Published: Friday, March 29, 2013 1:15 a.m. CDT
(Philip Marruffo/pmarruffo@saukvalley.com)
Representatives with Baxter Woodman Inc. and Fehr Graham Engineering and Environmental speak with residents concerned with the location of Morrison’s proposed wastewater treatment plant during an open house Thursday.
(Philip Marruffo/pmarruffo@saukvalley.com)
Residents gather around drawings of plans for the proposed wastewater treatment plant.

MORRISON – Vern Tervelt wants the city to seek other locations – south of Waterworks Park – for a proposed wastewater treatment plant.

He was one of about 20 people who attended an open house Thursday evening at Odell Public Library to learn about the proposed site for a new plant.

The city in November presented three possible locations, including one on county-owned land used for fair parking south of the existing plant outside the park. The city since whittled its options to one, just west of the existing plant in the park.

Plans call for a new treatment facility and a 13-foot-deep lagoon to store excess sewage and stormwater when the plant is at capacity – something that would happen only during heavy rainfalls. Designs include landscaping, trees and decorative fencing, as well as odor and noise control measures.

Many residents object to a plant in Waterworks Park. They don't want to lose the green space of the park, which includes a dog park, tennis courts and a baseball diamond. They also fear the plant would be an "eyesore" that would hurt the value of their homes.

Many residents preferred what was known as the "south option," or a site on county-owned land south of the park used for parking during the fair, but the Whiteside County Fair Board and the city deemed the site unsuitable for a new plant.

Tervelt, who lives on Fairway Drive across from the north end of Waterworks Park, near the northwest corner of the proposed overflow pond, wants the city to find a location south of the park.

City officials and their consultants and engineers told attendees Thursday that the project on the proposed site would cost about $20 million, while the project on a site south of the park would cost about $21 million.

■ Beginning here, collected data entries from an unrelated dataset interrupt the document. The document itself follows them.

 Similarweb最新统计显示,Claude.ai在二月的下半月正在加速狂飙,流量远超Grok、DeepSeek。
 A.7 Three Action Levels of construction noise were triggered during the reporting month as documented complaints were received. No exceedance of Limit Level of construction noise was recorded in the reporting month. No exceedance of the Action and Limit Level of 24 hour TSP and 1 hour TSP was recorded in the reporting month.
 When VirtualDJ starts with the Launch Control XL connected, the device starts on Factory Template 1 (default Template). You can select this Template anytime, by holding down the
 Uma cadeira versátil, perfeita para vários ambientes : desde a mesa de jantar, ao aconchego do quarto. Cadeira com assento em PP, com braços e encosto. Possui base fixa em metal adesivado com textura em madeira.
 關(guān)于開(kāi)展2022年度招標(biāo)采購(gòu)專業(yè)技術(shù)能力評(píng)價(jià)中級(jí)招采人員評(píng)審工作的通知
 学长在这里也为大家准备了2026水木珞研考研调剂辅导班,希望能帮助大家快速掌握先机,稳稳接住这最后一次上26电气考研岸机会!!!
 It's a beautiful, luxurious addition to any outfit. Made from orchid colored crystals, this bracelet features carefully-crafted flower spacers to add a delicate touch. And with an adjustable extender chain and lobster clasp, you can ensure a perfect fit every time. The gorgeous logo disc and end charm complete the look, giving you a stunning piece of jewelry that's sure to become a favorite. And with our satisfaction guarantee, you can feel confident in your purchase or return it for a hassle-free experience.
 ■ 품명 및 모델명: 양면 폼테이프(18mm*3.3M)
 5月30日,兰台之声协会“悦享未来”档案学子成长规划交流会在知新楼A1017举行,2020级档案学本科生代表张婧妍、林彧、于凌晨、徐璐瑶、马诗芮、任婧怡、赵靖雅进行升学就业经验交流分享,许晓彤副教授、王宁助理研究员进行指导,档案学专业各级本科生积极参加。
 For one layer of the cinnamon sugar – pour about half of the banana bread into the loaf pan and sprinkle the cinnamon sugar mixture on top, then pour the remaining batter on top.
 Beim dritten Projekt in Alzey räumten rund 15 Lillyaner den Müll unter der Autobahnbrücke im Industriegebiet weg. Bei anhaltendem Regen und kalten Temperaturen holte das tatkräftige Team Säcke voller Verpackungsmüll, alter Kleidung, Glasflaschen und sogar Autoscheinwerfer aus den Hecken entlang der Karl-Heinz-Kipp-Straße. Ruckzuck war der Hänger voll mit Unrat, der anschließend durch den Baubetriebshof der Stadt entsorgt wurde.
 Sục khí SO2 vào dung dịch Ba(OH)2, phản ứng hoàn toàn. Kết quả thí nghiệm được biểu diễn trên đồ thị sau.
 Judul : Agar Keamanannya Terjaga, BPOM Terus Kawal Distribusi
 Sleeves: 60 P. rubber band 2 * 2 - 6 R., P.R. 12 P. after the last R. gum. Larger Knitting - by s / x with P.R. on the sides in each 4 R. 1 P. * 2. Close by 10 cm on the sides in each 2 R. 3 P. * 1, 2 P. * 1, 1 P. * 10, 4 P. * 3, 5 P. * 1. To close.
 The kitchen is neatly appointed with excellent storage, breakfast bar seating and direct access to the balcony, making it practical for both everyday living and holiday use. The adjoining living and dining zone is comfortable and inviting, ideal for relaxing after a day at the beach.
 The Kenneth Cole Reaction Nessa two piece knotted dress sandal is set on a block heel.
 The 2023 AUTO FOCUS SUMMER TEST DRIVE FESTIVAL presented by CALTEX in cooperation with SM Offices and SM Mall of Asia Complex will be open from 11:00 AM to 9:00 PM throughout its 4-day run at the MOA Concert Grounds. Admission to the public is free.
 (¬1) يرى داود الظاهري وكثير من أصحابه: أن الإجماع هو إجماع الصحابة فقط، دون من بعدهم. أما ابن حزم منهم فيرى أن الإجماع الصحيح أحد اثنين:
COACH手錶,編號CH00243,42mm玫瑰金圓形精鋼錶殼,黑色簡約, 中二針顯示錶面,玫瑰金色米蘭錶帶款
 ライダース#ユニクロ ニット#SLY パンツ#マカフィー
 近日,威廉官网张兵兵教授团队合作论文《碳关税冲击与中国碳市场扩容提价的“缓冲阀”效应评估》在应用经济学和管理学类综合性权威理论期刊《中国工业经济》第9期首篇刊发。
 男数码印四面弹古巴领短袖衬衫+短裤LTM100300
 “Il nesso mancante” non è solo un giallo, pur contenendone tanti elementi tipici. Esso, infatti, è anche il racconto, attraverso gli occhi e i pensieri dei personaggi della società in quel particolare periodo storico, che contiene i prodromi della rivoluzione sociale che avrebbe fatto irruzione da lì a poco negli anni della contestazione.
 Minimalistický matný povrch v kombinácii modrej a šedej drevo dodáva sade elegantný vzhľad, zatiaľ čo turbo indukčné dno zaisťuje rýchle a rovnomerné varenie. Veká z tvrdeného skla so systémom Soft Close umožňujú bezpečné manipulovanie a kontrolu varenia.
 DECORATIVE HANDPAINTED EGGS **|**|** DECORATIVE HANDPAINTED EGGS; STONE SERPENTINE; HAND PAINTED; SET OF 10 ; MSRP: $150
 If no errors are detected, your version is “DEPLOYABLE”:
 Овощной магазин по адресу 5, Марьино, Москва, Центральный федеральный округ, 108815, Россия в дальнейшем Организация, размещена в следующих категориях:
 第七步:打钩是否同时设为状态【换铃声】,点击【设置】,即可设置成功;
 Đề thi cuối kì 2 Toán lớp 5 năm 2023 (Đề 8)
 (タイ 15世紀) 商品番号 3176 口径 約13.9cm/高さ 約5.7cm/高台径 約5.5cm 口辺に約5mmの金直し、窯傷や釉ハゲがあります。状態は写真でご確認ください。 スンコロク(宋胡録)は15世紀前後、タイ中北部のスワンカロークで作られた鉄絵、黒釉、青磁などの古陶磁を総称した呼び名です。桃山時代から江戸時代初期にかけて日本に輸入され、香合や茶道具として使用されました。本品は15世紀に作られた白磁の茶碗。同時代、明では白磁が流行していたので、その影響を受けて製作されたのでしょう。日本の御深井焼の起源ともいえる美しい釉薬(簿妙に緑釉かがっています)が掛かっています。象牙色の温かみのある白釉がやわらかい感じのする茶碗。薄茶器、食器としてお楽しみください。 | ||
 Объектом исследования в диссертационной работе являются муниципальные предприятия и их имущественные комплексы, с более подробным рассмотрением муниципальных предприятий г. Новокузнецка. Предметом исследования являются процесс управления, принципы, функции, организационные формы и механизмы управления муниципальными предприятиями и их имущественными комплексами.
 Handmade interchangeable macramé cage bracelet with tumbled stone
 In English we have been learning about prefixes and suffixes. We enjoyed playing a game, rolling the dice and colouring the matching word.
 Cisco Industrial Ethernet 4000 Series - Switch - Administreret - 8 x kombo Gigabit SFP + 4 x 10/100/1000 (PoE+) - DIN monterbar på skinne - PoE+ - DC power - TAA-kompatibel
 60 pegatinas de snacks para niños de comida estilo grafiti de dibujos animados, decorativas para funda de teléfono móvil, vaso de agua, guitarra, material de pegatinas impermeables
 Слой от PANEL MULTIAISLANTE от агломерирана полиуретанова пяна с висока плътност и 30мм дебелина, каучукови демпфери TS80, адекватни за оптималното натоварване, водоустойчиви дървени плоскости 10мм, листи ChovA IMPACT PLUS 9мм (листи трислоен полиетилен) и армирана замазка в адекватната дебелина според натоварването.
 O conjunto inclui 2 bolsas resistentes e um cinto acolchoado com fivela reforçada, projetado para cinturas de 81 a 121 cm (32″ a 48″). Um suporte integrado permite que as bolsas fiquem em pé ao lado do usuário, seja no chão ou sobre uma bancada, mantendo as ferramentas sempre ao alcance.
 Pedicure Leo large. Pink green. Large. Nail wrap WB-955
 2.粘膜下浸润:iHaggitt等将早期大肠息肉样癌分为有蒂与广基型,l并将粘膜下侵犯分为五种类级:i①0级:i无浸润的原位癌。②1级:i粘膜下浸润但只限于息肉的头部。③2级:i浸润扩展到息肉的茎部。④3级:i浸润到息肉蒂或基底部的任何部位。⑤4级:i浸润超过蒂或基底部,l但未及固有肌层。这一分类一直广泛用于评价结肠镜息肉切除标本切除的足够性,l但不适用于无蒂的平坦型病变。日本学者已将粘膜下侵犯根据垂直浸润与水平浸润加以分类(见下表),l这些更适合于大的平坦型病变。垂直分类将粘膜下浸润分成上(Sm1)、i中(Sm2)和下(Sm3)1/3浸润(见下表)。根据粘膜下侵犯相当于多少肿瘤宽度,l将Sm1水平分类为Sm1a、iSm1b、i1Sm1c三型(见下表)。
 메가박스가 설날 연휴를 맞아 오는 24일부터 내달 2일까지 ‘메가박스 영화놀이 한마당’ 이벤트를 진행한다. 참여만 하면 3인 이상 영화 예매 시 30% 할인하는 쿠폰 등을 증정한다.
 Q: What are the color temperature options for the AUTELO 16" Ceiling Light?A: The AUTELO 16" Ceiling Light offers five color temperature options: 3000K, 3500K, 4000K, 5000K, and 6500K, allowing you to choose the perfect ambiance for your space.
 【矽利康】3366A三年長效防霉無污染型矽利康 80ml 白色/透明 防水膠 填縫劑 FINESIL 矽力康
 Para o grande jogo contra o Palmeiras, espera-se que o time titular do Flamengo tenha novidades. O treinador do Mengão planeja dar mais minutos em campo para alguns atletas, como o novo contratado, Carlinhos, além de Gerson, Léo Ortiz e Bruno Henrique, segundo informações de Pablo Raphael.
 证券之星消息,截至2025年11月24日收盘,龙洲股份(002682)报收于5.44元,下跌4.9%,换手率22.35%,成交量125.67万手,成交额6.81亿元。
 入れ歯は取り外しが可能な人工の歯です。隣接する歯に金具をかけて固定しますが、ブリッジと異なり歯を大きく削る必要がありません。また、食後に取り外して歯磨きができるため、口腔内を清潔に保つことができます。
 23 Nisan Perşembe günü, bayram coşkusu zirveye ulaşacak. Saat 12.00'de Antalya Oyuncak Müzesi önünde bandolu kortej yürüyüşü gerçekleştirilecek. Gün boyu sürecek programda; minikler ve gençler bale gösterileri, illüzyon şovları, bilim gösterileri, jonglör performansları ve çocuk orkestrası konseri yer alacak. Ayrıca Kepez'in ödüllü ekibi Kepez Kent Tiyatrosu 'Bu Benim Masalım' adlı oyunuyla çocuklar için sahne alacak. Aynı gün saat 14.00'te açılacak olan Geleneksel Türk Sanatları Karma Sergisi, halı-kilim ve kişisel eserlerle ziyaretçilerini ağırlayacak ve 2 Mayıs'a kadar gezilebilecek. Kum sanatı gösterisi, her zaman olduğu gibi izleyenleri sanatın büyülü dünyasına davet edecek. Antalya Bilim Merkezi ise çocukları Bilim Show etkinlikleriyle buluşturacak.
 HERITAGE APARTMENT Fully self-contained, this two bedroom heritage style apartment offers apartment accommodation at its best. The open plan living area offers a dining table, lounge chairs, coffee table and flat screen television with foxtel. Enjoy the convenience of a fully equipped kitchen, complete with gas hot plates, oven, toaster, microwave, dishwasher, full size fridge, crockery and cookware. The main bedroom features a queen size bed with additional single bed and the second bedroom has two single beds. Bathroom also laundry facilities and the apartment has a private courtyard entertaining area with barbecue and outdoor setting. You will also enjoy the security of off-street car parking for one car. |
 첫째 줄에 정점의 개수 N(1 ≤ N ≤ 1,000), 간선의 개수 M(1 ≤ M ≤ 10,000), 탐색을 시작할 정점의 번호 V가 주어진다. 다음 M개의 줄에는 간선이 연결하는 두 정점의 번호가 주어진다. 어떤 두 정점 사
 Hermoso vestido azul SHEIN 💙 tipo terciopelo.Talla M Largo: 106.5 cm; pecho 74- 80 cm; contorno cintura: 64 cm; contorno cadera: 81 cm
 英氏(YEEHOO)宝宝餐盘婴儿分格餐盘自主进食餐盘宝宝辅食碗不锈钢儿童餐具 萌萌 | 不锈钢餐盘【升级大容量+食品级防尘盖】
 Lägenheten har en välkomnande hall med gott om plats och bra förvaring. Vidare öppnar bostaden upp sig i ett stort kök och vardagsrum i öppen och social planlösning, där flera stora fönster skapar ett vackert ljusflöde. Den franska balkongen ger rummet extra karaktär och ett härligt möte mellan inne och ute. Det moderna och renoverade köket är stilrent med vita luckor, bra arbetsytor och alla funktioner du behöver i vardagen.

Tervelt, a candidate for Morrison City Council, worries about having a lagoon – sometimes filled with a mixture of sewage and stormwater – in the front yard or, in the case of others near the proposed plant, having buildings in the backyard.

He believes a cost difference of $1 million to pump sewage and stormwater a couple of miles south is a small price to pay for leaving homeowners unaffected and maintaining the integrity of the park.

"The city really needs to look at another option," he said.

The city in October decided to build a new wastewater treatment plant, rather than fix the decades-old facility in Waterworks Park. Officials consider the existing plant inadequate to handle more stringent regulations for inflow and infiltration and for amounts of ammonia, nitrogen and phosphorus in treated water.

The city hopes to get a low-interest Illinois Environmental Protection Agency loan to fund the project; the city would repay such a loan over 20 years.

Construction on a new plant would begin in spring 2014 and wrap up by the end of 2015, if the IEPA funds the project in its fiscal year 2014; if not, construction would run from October 2014 to October 2016.

Submited comments

The city is seeking input from the community before it finalizes plans for a new wastewater treatment plant.

Residents may submit written comments in the next 30 days to City Administrator Jim Wise at jwise@morrisonil.org or at City of Morrison, 200 W. Main St., Morrison, IL 61270-2400.

Residents also may submit comments in person at City Hall.